= WHAT THE TASK REQUIRES =
Among the lines below, restate word for word only those from the line with "大家好,小问来为大家解答以上" through the line with "実際に360 Reality Audio", with both end lines kept.

= INPUT RECORDS =
┄┄┄┄┄┄┄┄┄┄
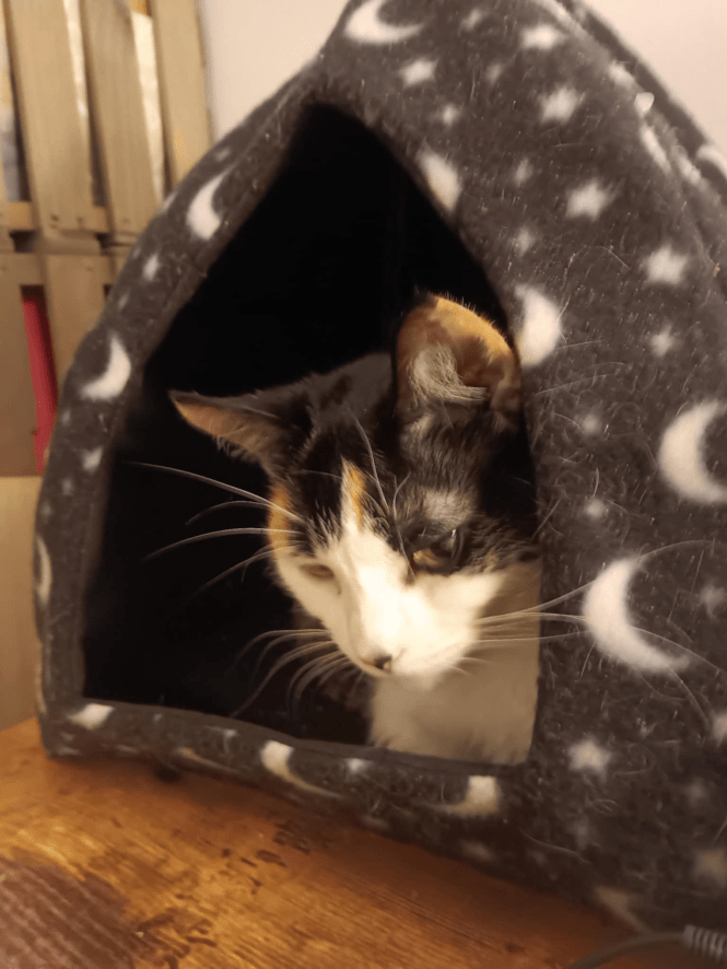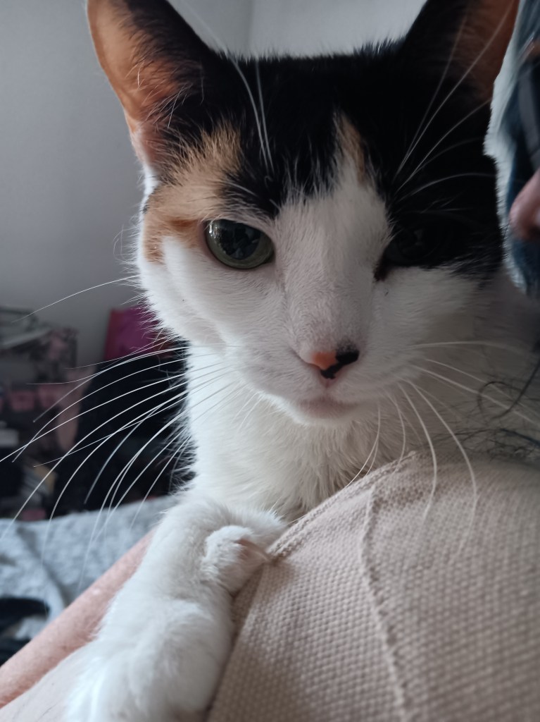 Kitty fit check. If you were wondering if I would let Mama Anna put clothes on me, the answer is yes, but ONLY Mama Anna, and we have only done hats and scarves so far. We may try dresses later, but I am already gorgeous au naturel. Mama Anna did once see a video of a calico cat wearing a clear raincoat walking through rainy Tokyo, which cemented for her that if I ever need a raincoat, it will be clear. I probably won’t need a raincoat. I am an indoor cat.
┄┄┄┄┄┄┄┄┄┄
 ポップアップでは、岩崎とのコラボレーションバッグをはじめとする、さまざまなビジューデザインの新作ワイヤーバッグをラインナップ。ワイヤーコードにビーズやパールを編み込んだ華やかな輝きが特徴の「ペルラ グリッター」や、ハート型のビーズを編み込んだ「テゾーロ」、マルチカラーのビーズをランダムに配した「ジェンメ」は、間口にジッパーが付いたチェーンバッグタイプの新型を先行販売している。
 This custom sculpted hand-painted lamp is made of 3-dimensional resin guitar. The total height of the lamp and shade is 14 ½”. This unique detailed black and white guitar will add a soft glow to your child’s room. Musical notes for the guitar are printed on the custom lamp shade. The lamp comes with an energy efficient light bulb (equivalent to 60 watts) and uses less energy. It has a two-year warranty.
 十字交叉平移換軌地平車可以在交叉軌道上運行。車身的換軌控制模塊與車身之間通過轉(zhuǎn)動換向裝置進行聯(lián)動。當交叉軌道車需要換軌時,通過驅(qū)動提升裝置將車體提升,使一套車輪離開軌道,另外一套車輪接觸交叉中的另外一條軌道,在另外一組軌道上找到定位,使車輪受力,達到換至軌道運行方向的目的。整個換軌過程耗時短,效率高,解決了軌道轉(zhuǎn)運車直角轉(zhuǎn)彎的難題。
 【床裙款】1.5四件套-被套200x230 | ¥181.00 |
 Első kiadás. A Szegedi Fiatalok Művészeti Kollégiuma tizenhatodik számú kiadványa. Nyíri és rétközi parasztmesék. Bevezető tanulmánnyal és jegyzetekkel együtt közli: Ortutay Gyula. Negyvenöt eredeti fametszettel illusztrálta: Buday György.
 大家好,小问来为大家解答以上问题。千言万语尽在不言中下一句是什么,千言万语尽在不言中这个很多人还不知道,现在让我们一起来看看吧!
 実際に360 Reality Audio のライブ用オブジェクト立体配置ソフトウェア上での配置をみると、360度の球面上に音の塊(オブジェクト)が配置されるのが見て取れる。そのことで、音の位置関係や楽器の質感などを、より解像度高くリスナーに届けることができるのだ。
┄┄┄┄┄┄┄┄┄┄
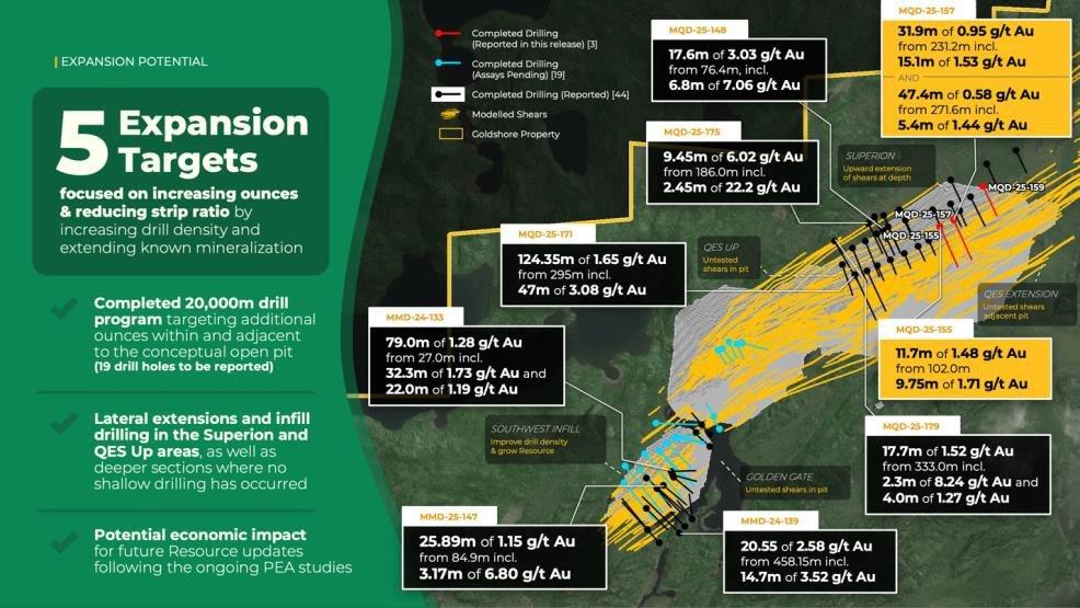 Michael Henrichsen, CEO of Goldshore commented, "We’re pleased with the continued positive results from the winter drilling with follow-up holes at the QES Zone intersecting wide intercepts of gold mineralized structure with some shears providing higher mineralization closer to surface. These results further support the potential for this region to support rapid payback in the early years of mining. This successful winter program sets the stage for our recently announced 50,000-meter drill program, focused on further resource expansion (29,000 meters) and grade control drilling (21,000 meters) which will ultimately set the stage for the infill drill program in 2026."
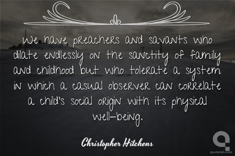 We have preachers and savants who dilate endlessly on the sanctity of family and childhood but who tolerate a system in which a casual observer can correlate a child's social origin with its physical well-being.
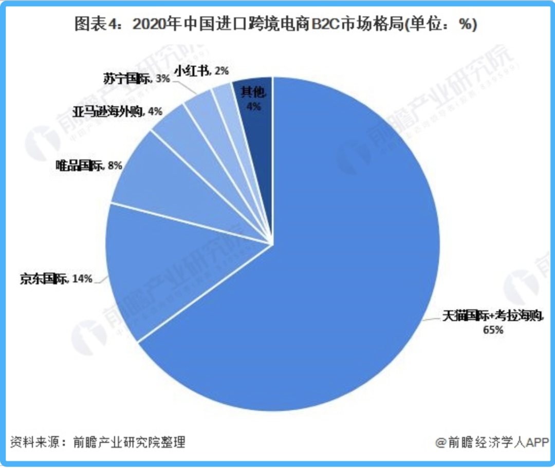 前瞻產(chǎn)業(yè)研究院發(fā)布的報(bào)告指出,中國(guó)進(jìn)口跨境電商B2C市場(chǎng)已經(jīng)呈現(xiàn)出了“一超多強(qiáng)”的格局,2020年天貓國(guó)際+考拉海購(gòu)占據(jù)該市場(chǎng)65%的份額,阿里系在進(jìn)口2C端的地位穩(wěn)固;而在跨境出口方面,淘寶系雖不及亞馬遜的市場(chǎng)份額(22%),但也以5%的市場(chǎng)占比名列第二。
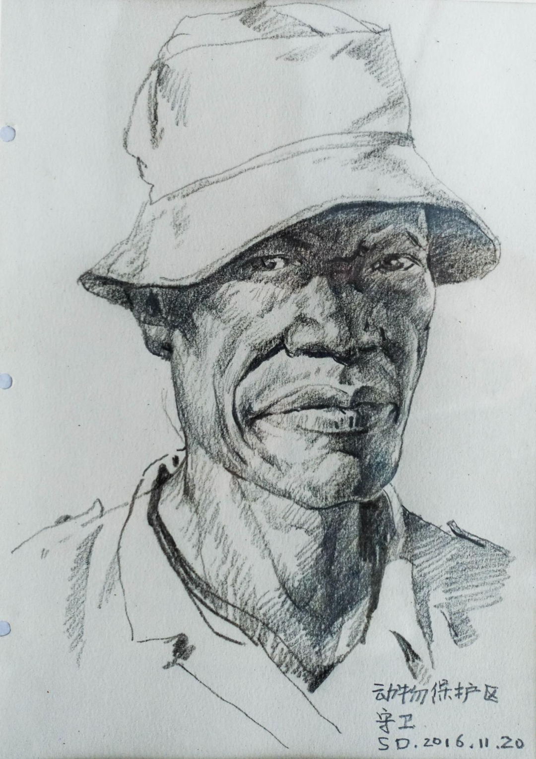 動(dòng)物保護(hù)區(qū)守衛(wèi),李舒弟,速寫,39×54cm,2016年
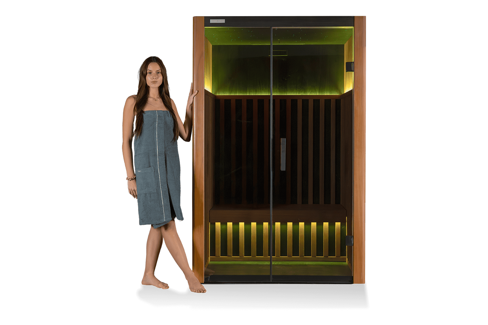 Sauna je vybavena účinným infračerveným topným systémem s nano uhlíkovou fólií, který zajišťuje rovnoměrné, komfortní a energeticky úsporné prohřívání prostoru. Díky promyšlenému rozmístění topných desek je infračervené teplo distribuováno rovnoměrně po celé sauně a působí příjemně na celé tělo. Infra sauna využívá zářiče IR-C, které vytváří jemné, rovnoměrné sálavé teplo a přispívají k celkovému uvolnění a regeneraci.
┄┄┄┄┄┄┄┄┄┄
= ANSWER =
 大家好,小问来为大家解答以上问题。千言万语尽在不言中下一句是什么,千言万语尽在不言中这个很多人还不知道,现在让我们一起来看看吧!
 実際に360 Reality Audio のライブ用オブジェクト立体配置ソフトウェア上での配置をみると、360度の球面上に音の塊(オブジェクト)が配置されるのが見て取れる。そのことで、音の位置関係や楽器の質感などを、より解像度高くリスナーに届けることができるのだ。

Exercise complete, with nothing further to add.